In 1971, he returned to Nigeria (Obafemi Awolowo University, Ile-Ife) where he rose to a professor in Food Engineering and Processing in 1978. He served as Professor of Food Engineering and Processing, University of Nigeria, Nsukka, where he held several positions such as Department of Food Science and Technology from 1979 to 1982, Dean of Faculty of Agriculture from 1981 to 1983, Deputy Vice-Chancellor from 1985 to 1986, Dean of School of Post-Graduate Student from 1985 to 1987 and Deputy Vice- Chancellor, Academic Affairs from 1995 to 1998

== Membership and fellowship ==
In 1965, he became a Fellow of the American Society of Agricultural Engineers, Fellow Institute of Food Technology (IFT, USA) in 1969, member of American Society for Heating, Refrigeration and Air-Conditioning Engineering (ASHRAE) in 1970, and a Fellow of the Nigerian Academy of Science

== Selected publications ==
- Ihekoronye, A. I., & Ngoddy, P. O. (1985).
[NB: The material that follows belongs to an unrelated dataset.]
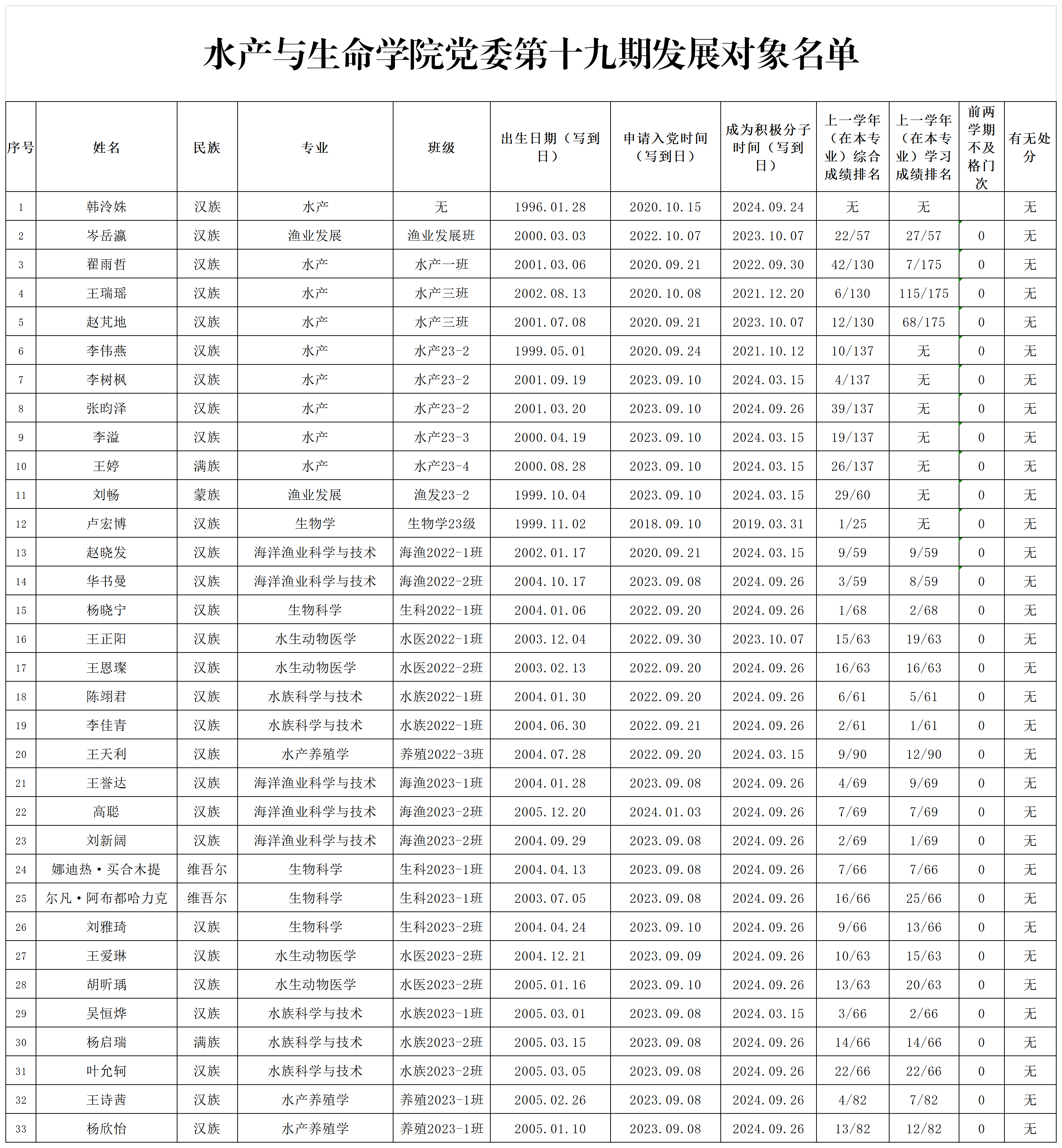 根据《大连海洋大学发展党员工作细则》有关要求,经水产与生命学院党委研究,报校党委组织部和综合监察室备案通过,将韩泠姝等33名同志列为第十九期发展对象。现将有关情况予以公示。公示时间为2025年10月28日至2025年10月30日(公示期为3个工作日)。公示期内如对公示对象有异议,可通过来电、来信或来访方式向学校及学院反映。反映问题要求实事求是,客观公正。以个人名义反映问题的,要签署本人真实姓名。

Integrated food science and technology for the tropics.
- Uvere, P. O., Onyekwere, E. U., & Ngoddy, P. O. (2010). Production of maize–bambara groundnut complementary foods fortified pre‐fermentation with processed foods rich in calcium, iron, zinc and provitamin A.
- Uzochukwu, S. V., Balogh, E., Tucknot, O. G., Lewis, M. J., & Ngoddy, P. O. (1994). Volatile constituents of palm wine and palm sap.
- Uvere, P. O., Ngoddy, P. O., & Nnanyelugo, D. O. (2002). Effect of amylase-rich flour (ARF) treatment on the viscosity of fermented complementary foods.
- Ngoddy, P. O. (1972). Closed system waste management for livestock. US Environmental Protection Agency.
- Uvere, P. O., Ngoddy, P. O., & Nwankwo, C. S. (2014). Hardness as a modification index for malting red and white sorghum (kaffir) grains.